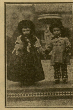
Una pareja muy solemne en el Parque de Alderdi.

Cuantos informes se deseen se facilitarán en la Secretaría del Centro Católico (Guetaria, 15, teléfono 19965) todos los días de siete a nueve de la noche.
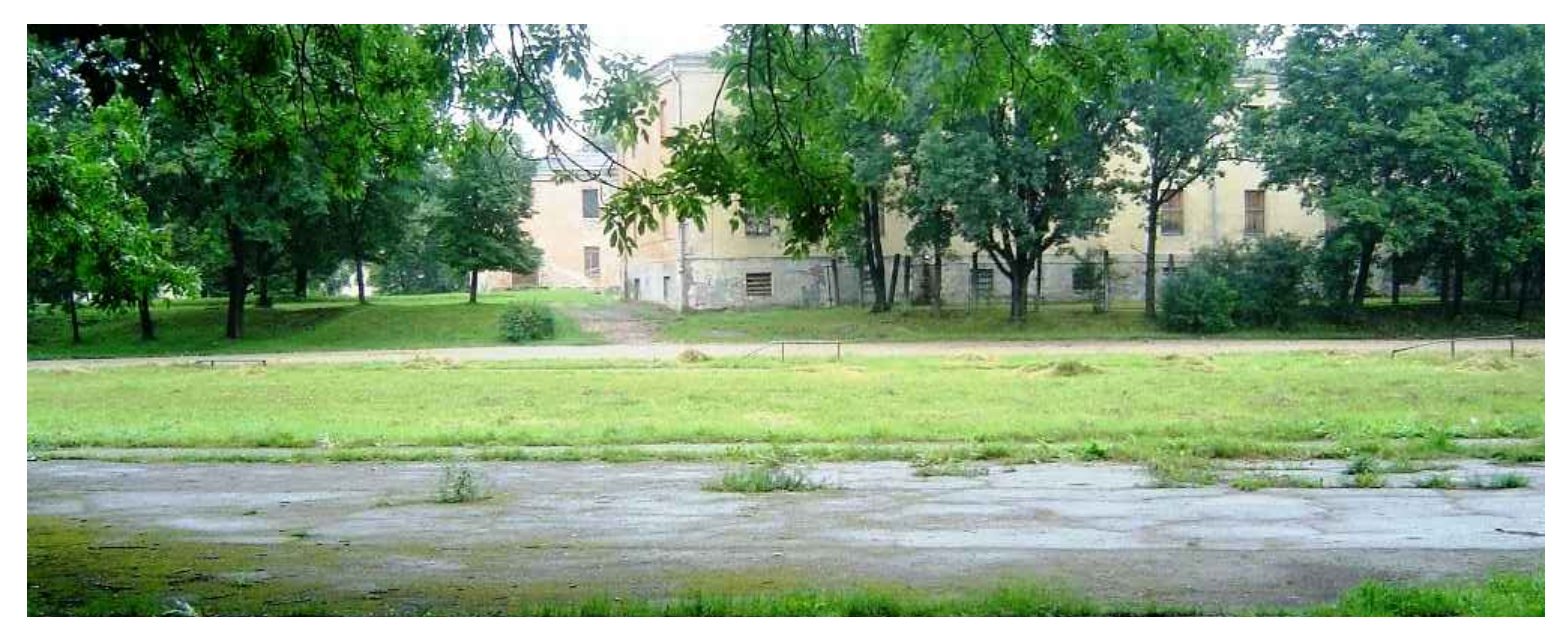
ESOŠAIS SKATS Nr.4
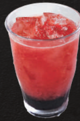
生グレカシス 600円(税込)
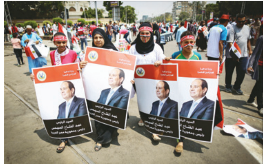
مصريون يحتفلون أمام قصر الاتحادية حاملين صور الرئيس السيسي.

عبدالعزيز آل سعود وفخامة الرئيس عبدالفتاح السيسي بمناسبة انتخابه رئيساً لجمهورية مصر العربية، كما قدم تهانيه لفخامته وتمنياته له بالتوفيق، مؤكداً سموه مواقف المملكة القابضة لدعم جمهورية مصر العربية والحفاظ على أمنها واستقرارها. وعبر فخامة الرئيس المصري من جهته عن شكره وتقديره لخادم الحرمين الشريفين الملك عبدالله بن عبدالعزيز آل سعود
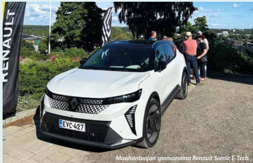
Maahantuojan sponsorioima Renault Scenic E-Tech.

Ensimmäinen tapaaminen oli Turussa, lentokentän kupeessa Caravelle-lentokoneprojektiin tutustuessa. Tästä ensimmäisestä tapahtumasta en sen enempää osaa kertoa, sillä kaverini oli osannut valita hääpäivänsä juuri samalle päivälle, siitä kuva todisteena ja syy minkä takia kuljetin koko viikon pukua mukana kiertueella. Väri oli sattumalta sopiva.
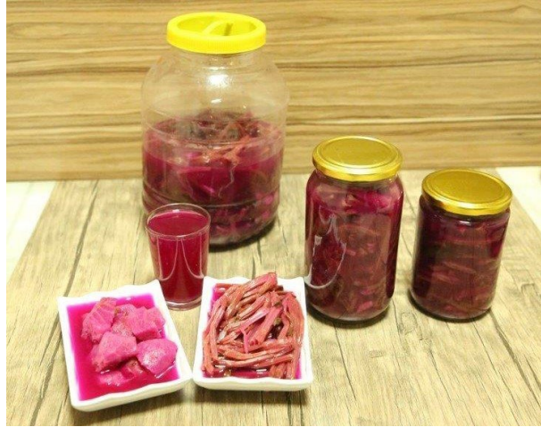
Şekil 2.4: Reşadiye Kırmızı Pezik Turşusu (Coğrafi İşaretler, 2023)

Reşadiye Kırmızı Pezik Turşusu, Tokat ilinin Reşadiye ilçesinde üretilen, kırmızı pancar bitkisinin ( Beta vulgaris L. var. condivita ) dal, gövde ve kök-yumru bölümlerinin haşlanıp soğutulduktan sonra salamura işlemine tabi tutulmasıyla elde edilen geleneksel bir turşu çeşididir (Türkiye/Reşadiye Patent No. 1455, 2023).

Problem:
Write down exactly what the lines above say, from the line holding "عبدالعزيز آل سعود وفخامة" through the line holding "Şekil 2.4: Reşadiye", and nothing more. Do not copy the pictures.

Problem solution:
عبدالعزيز آل سعود وفخامة الرئيس عبدالفتاح السيسي بمناسبة انتخابه رئيساً لجمهورية مصر العربية، كما قدم تهانيه لفخامته وتمنياته له بالتوفيق، مؤكداً سموه مواقف المملكة القابضة لدعم جمهورية مصر العربية والحفاظ على أمنها واستقرارها. وعبر فخامة الرئيس المصري من جهته عن شكره وتقديره لخادم الحرمين الشريفين الملك عبدالله بن عبدالعزيز آل سعود
Maahantuojan sponsorioima Renault Scenic E-Tech.

Ensimmäinen tapaaminen oli Turussa, lentokentän kupeessa Caravelle-lentokoneprojektiin tutustuessa. Tästä ensimmäisestä tapahtumasta en sen enempää osaa kertoa, sillä kaverini oli osannut valita hääpäivänsä juuri samalle päivälle, siitä kuva todisteena ja syy minkä takia kuljetin koko viikon pukua mukana kiertueella. Väri oli sattumalta sopiva.
Şekil 2.4: Reşadiye Kırmızı Pezik Turşusu (Coğrafi İşaretler, 2023)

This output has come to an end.